RECORDED INFORMATION START
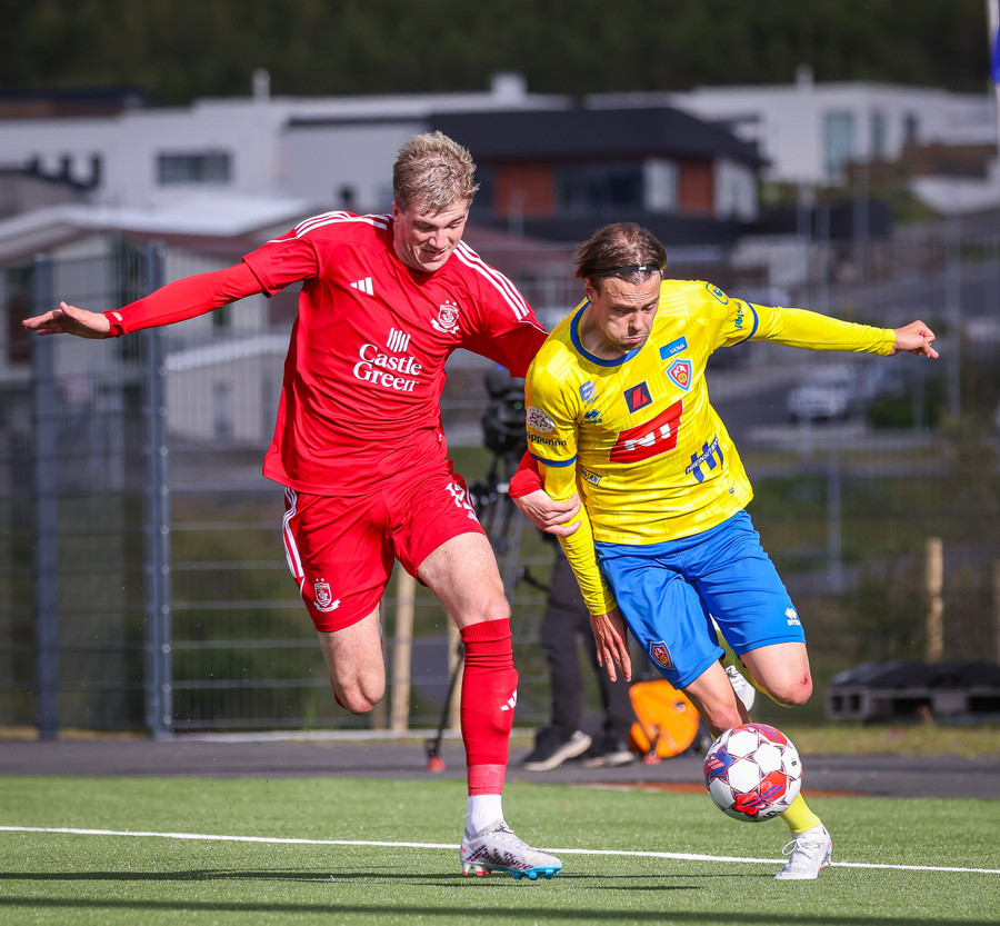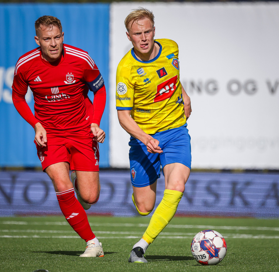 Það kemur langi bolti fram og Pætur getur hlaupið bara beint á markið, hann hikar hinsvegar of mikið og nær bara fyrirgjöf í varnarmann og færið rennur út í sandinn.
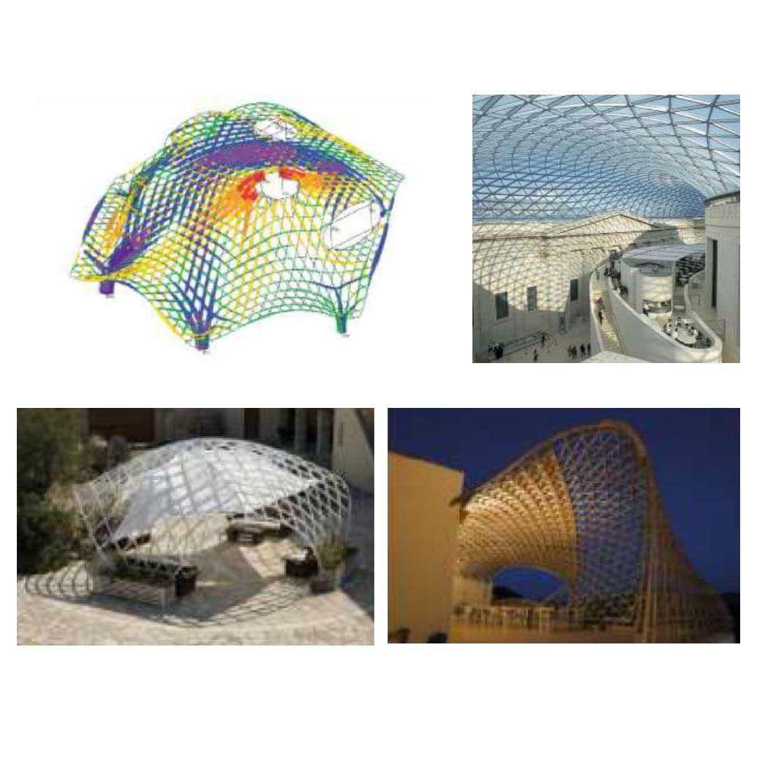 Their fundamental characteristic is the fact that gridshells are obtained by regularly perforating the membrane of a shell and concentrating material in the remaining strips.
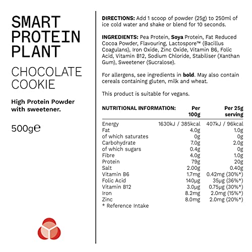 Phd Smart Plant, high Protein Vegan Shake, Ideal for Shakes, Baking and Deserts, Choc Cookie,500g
RECORDED INFORMATION END
Print the preceding material over again exactly. Please leave the pictures out.

◆ YOUR RESPONSE
 Það kemur langi bolti fram og Pætur getur hlaupið bara beint á markið, hann hikar hinsvegar of mikið og nær bara fyrirgjöf í varnarmann og færið rennur út í sandinn.
 Their fundamental characteristic is the fact that gridshells are obtained by regularly perforating the membrane of a shell and concentrating material in the remaining strips.
 Phd Smart Plant, high Protein Vegan Shake, Ideal for Shakes, Baking and Deserts, Choc Cookie,500g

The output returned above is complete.